En plats i solen (Swedish for A Place in the Sun) is the ninth studio album by Swedish alternative rock band Kent. It was released on 30 June 2010, just eight months after the release of their previous album, Röd, but was released exclusively as digital download on the band's website on 23 June. The album is produced primarily with Swedish producer Stefan Boman, who worked with the band on Du & jag döden from 2005. The lead single, "Gamla Ullevi" / "Skisser för sommaren", was released on 14 June 2010, the same day as the band announced the album details. En plats i solen has peaked at number one in Sweden and Finland, number two in Norway and number four in Denmark.

The album was written and recorded in the early spring of 2010, and was finished on 8 June. Some of the songs are leftovers from the recording of Röd.
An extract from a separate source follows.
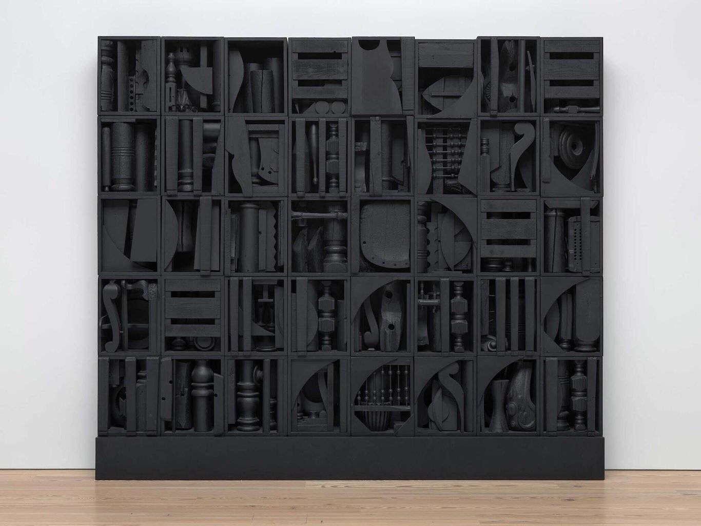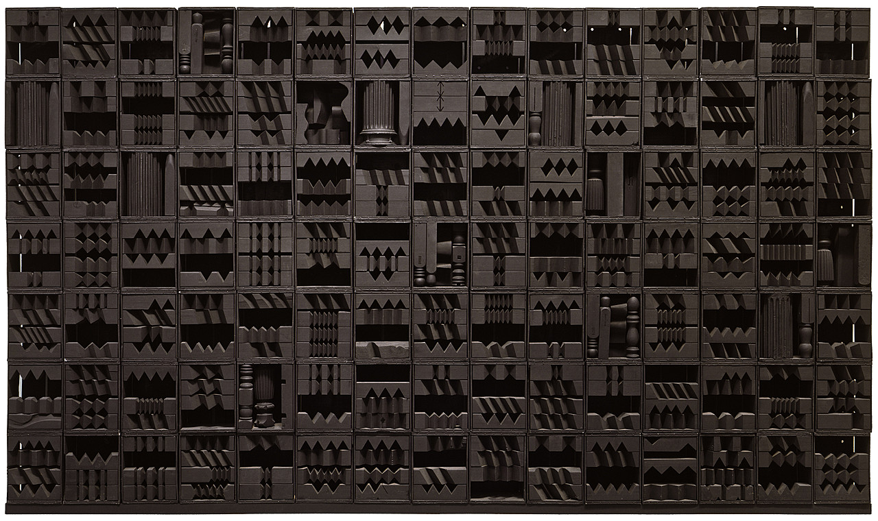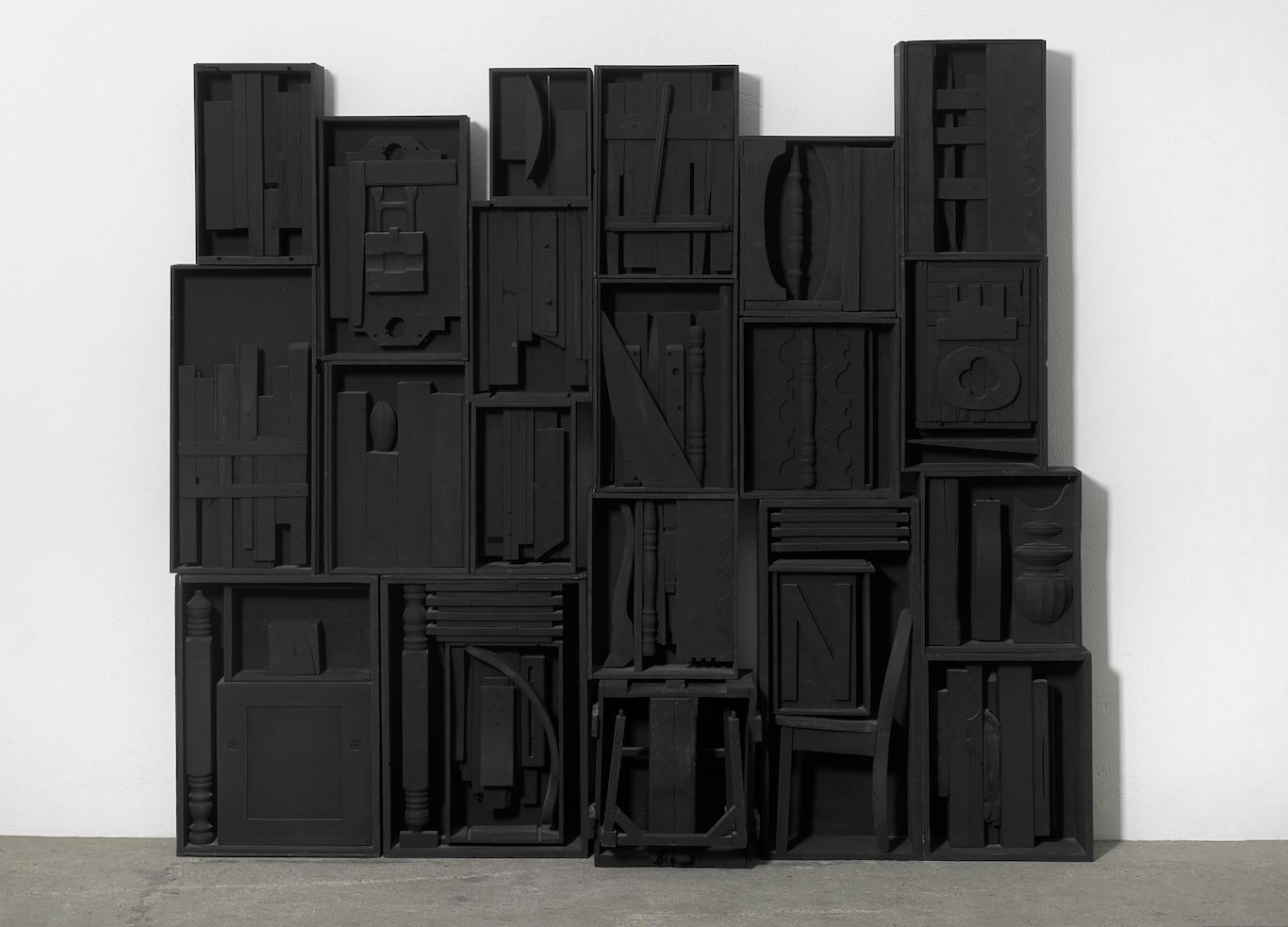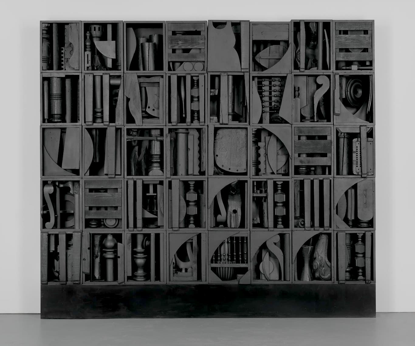Las primeras obras realizadas por la artista mediante este proceso de assamblage eran de formato reducido, como es el caso de Clown Tight Rope Walker (1942), donde todavía pueden reconocerse vestigios de una cierta figuración. A partir de los fragmentos que la componen, es posible interpretar la presencia de un personaje circense equilibrándose con una vara. Sin embargo, este método fue evolucionando hacia estructuras de mayor escala, hasta llegar a instalaciones como la exposición Moon Garden Plus One presentada en 1958 en Nueva York. Esta instalación consolidó su estilo característico, basado en el uso del monocromo y en la construcción de muros escultóricos. La instalación, organizada casi como una puesta teatral, reunió 116 cajas negras. Cada una tenía diferentes composiciones con fragmentos en madera pintados de negro que podían combinarse en diferentes composiciones.

Lead singer Joakim Berg told Svenska Dagbladet that they wanted to record the songs "while they were still fresh".

Track listing

Personnel 
Joakim Berg – lyrics and music
Martin Sköld – music on track 1, 2, 4, 7, 8, 9
Kent – production
Stefan Boman – production and mixing
Joshua – production on track 2, 3, 5
Hoffe Stannow – mastering
Martin Brengesjö – instrument technician
Sebastian Meyer – recording assistant, percussion, choir on track 3
Joakim Milder – strings arrangement and conductor
Stockholm Session Strings – strings
Anders "Boba" Lindström – choir on track 4
Lars Winnerbäck – choir on track 4
Heikki Kiviaho – choir on track 7
Rebecka Törnqvist – duet on track 10

Charts and certifications

Weekly charts

Year-end charts

Certifications

References 

2010 albums
Kent (band) albums
Swedish-language albums
Albums produced by Joshua (record producer)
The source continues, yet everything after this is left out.